» GOAL OF THE EXERCISE
Pictures stay out of the copy. Retype exactly, and only, the lines from the one containing "6月15日晚6时30分,会计" through the end of the listing below.

» SOURCE DATA
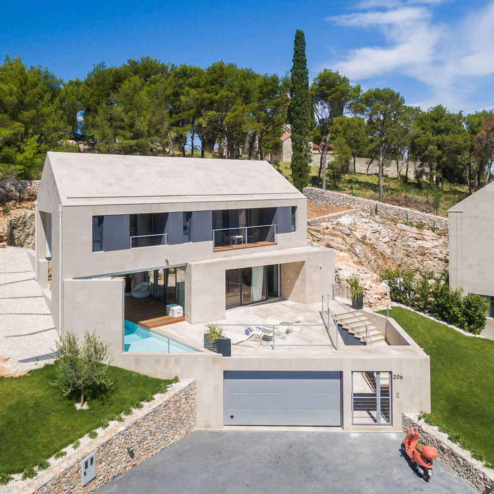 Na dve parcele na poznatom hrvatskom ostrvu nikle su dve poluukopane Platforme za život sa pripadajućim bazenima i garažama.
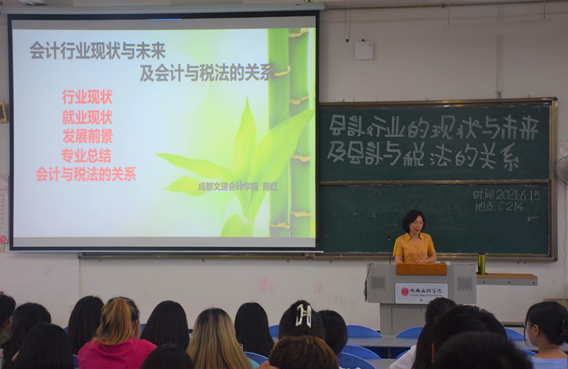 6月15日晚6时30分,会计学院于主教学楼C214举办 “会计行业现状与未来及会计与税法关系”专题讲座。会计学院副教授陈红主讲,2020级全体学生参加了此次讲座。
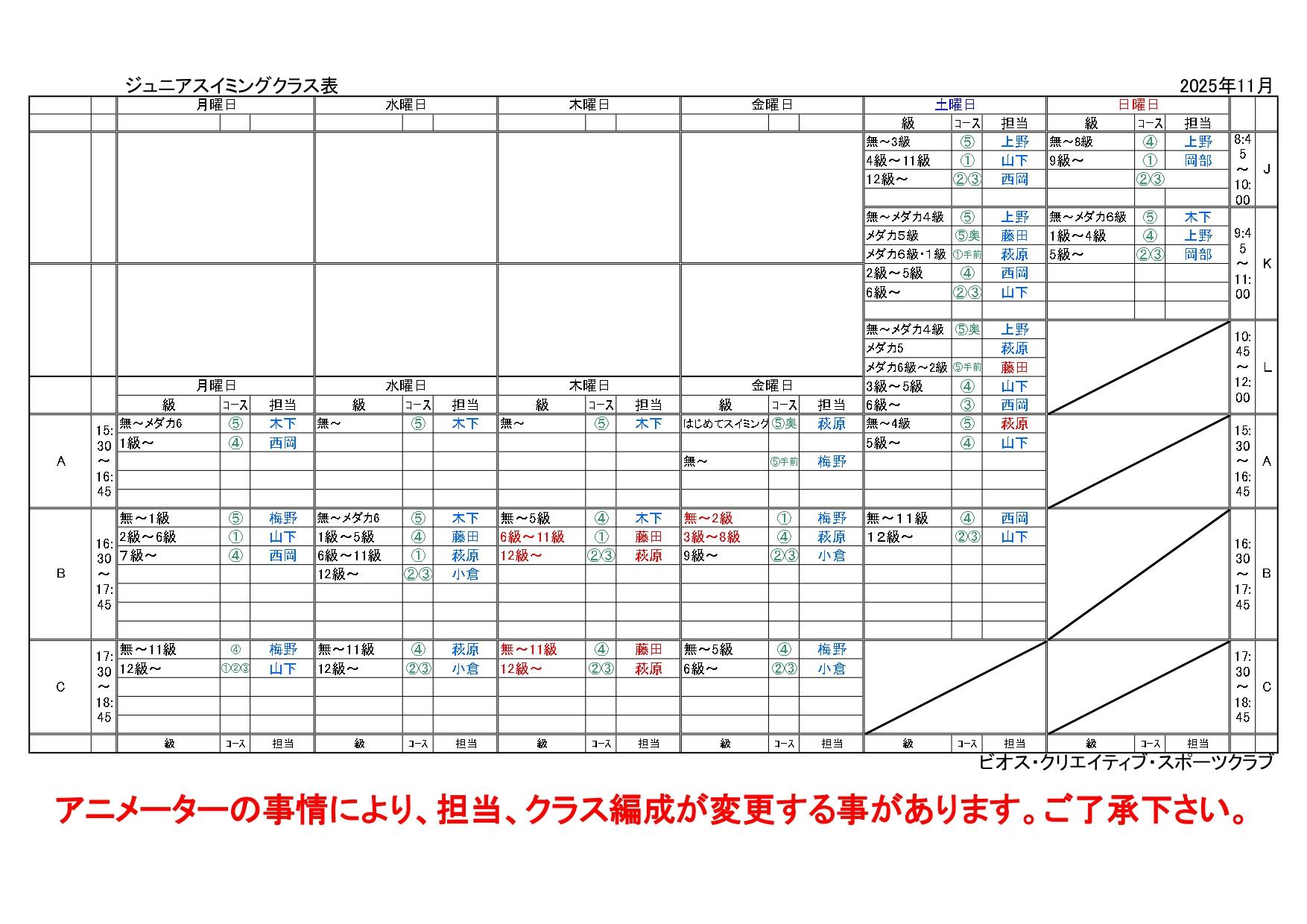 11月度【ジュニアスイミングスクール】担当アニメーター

» SOLUTION TO THIS EXERCISE
 6月15日晚6时30分,会计学院于主教学楼C214举办 “会计行业现状与未来及会计与税法关系”专题讲座。会计学院副教授陈红主讲,2020级全体学生参加了此次讲座。
 11月度【ジュニアスイミングスクール】担当アニメーター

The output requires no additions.